• Supplied data
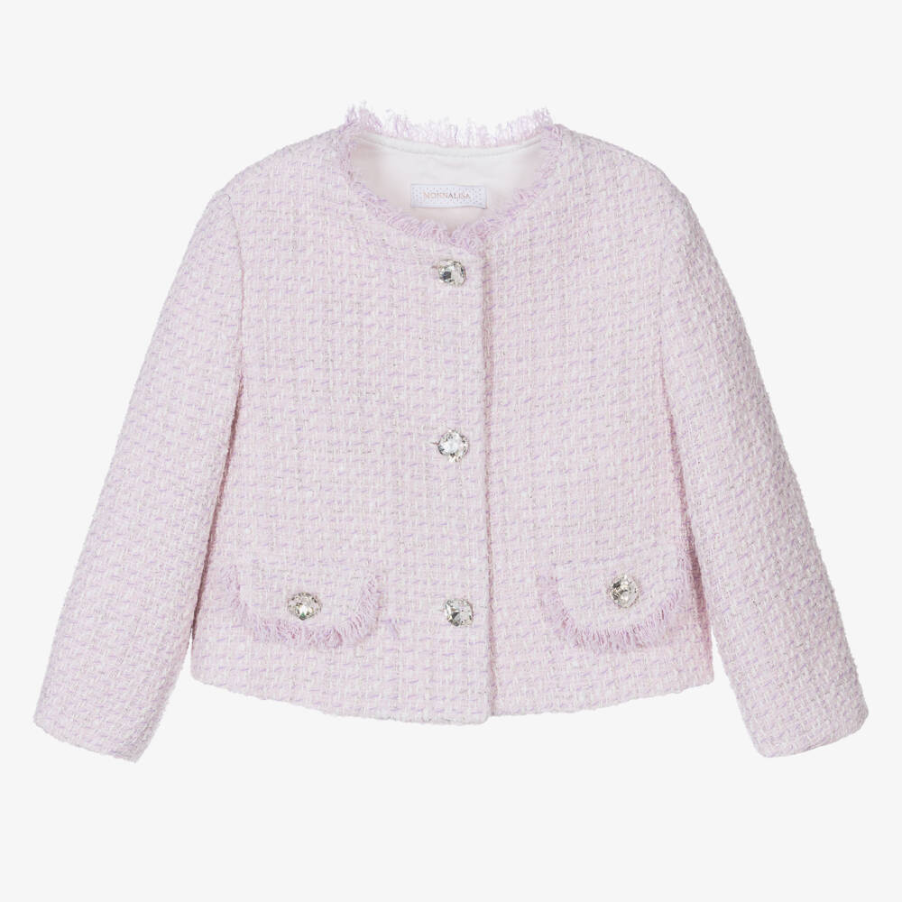 A smart lilac pink bouclé tweed jacket for teen girls by Monnalisa. With a classic boxy shape, the softly textured fabric is woven with silver thread to give a shimmery effect. In a cropped length, there are sparkly crystal buttons to fasten and a raw-edged rounded collar and matching frayed edges on the pocket flaps.
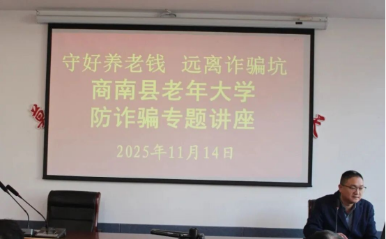 为切实提升老年群体防骗识骗能力,守护老年人财产安全,近日,商南县老年大学邀请县农行工作人员开展反诈骗宣传教育专题讲座,近百名离退休干部及老年大学学员参与活动,在轻松易懂的氛围中筑牢反诈“防护墙”。
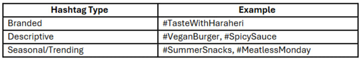Hashtags help discoverability. Mix branded hashtags with trending ones. Keep them relevant and concise.
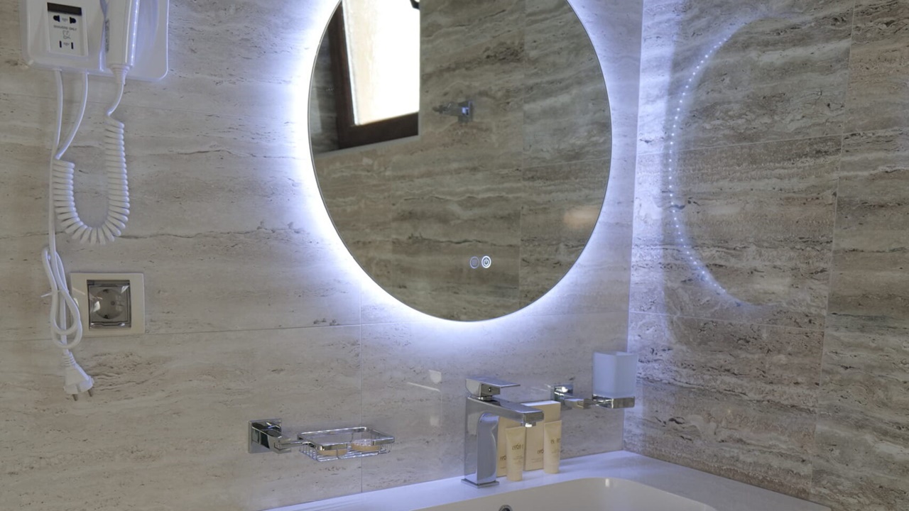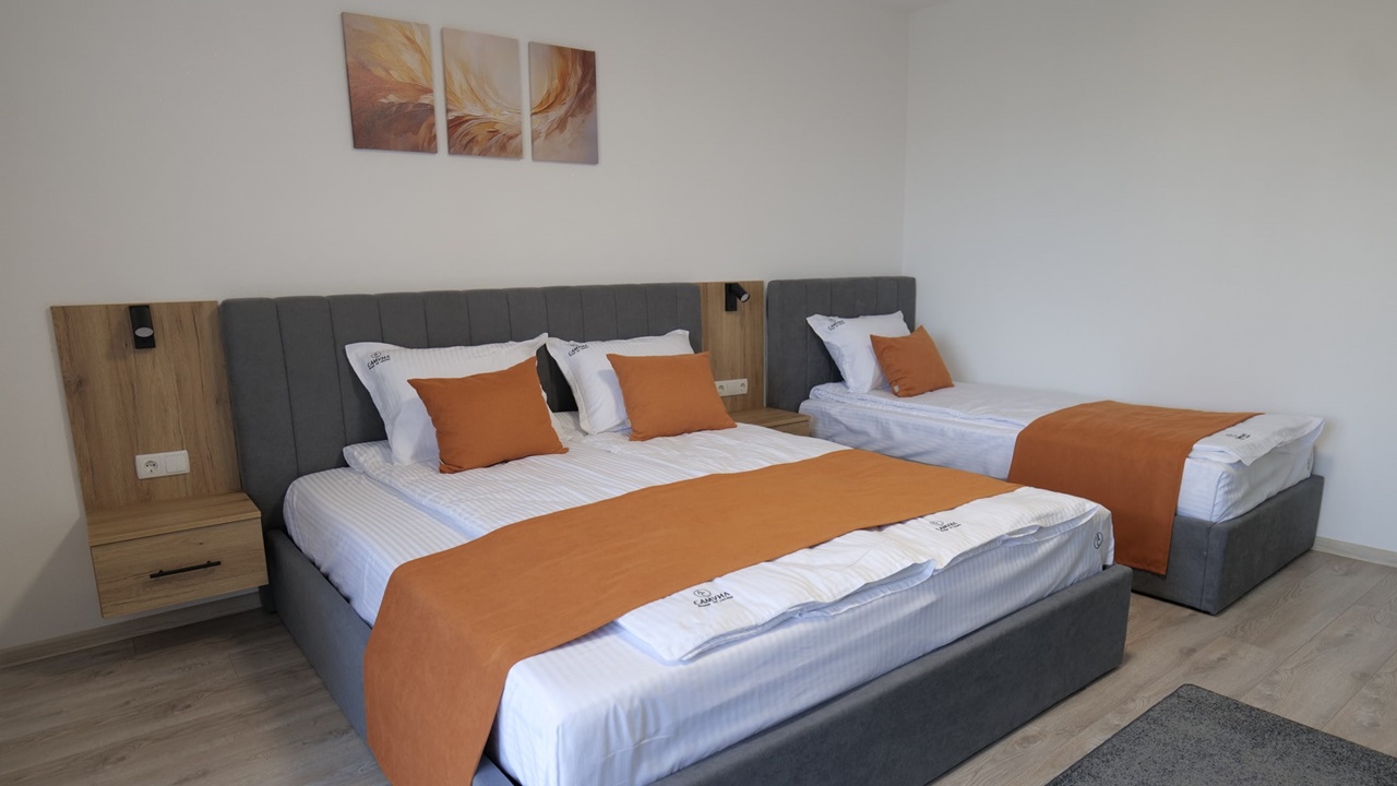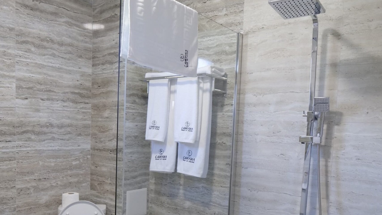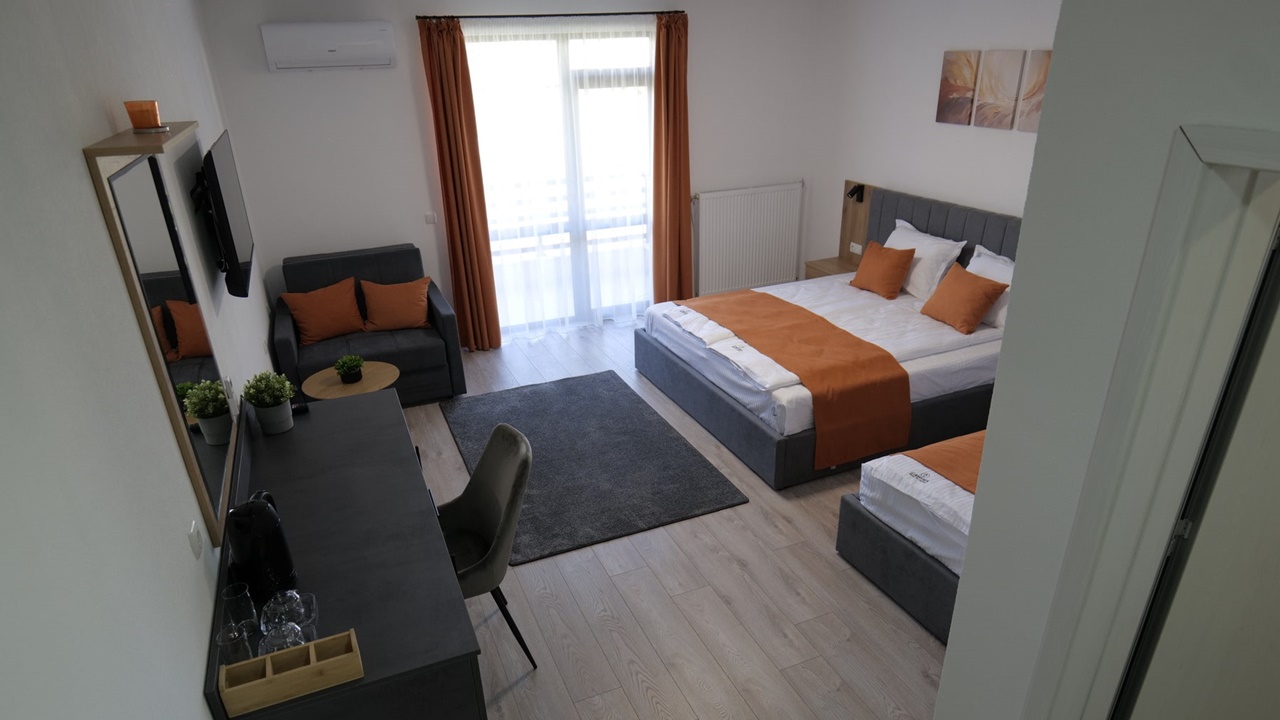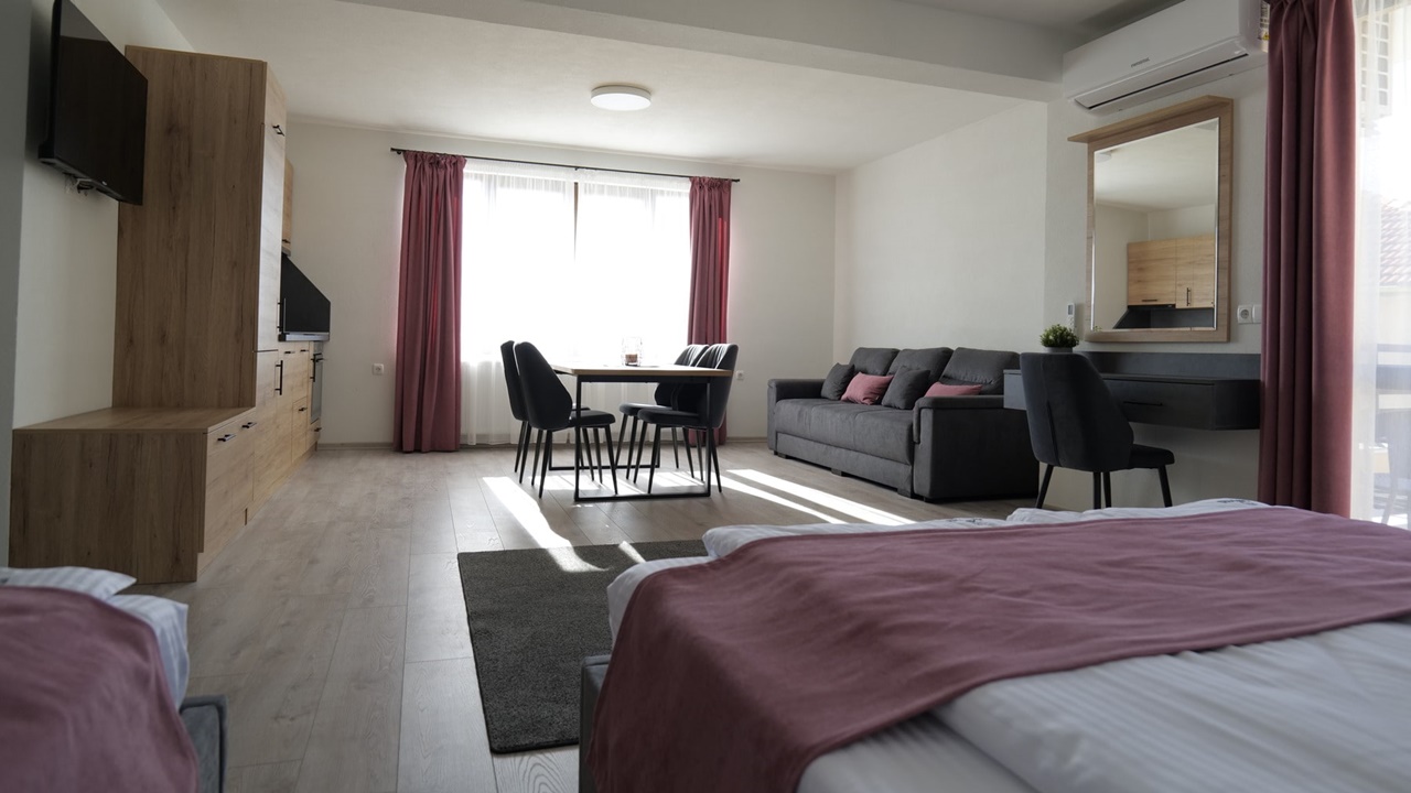 - тройна стая с балкон - 50 кв. м. - спалня и едно единично редовно легло, разтегателен фотьойл, работно пространство, хладилник, електрическа кана за вода, тераса, гардероб, баня с душ кабина, сешоар, хавлиени кърпи и халати, чехли и тоалетни принадлежности, климатик, LED HD телевизор, wi-fi и климатик

• Work to complete
Copy the data word for word and omit every picture.

• Answer space
 A smart lilac pink bouclé tweed jacket for teen girls by Monnalisa. With a classic boxy shape, the softly textured fabric is woven with silver thread to give a shimmery effect. In a cropped length, there are sparkly crystal buttons to fasten and a raw-edged rounded collar and matching frayed edges on the pocket flaps.
 为切实提升老年群体防骗识骗能力,守护老年人财产安全,近日,商南县老年大学邀请县农行工作人员开展反诈骗宣传教育专题讲座,近百名离退休干部及老年大学学员参与活动,在轻松易懂的氛围中筑牢反诈“防护墙”。
Hashtags help discoverability. Mix branded hashtags with trending ones. Keep them relevant and concise.
 - тройна стая с балкон - 50 кв. м. - спалня и едно единично редовно легло, разтегателен фотьойл, работно пространство, хладилник, електрическа кана за вода, тераса, гардероб, баня с душ кабина, сешоар, хавлиени кърпи и халати, чехли и тоалетни принадлежности, климатик, LED HD телевизор, wi-fi и климатик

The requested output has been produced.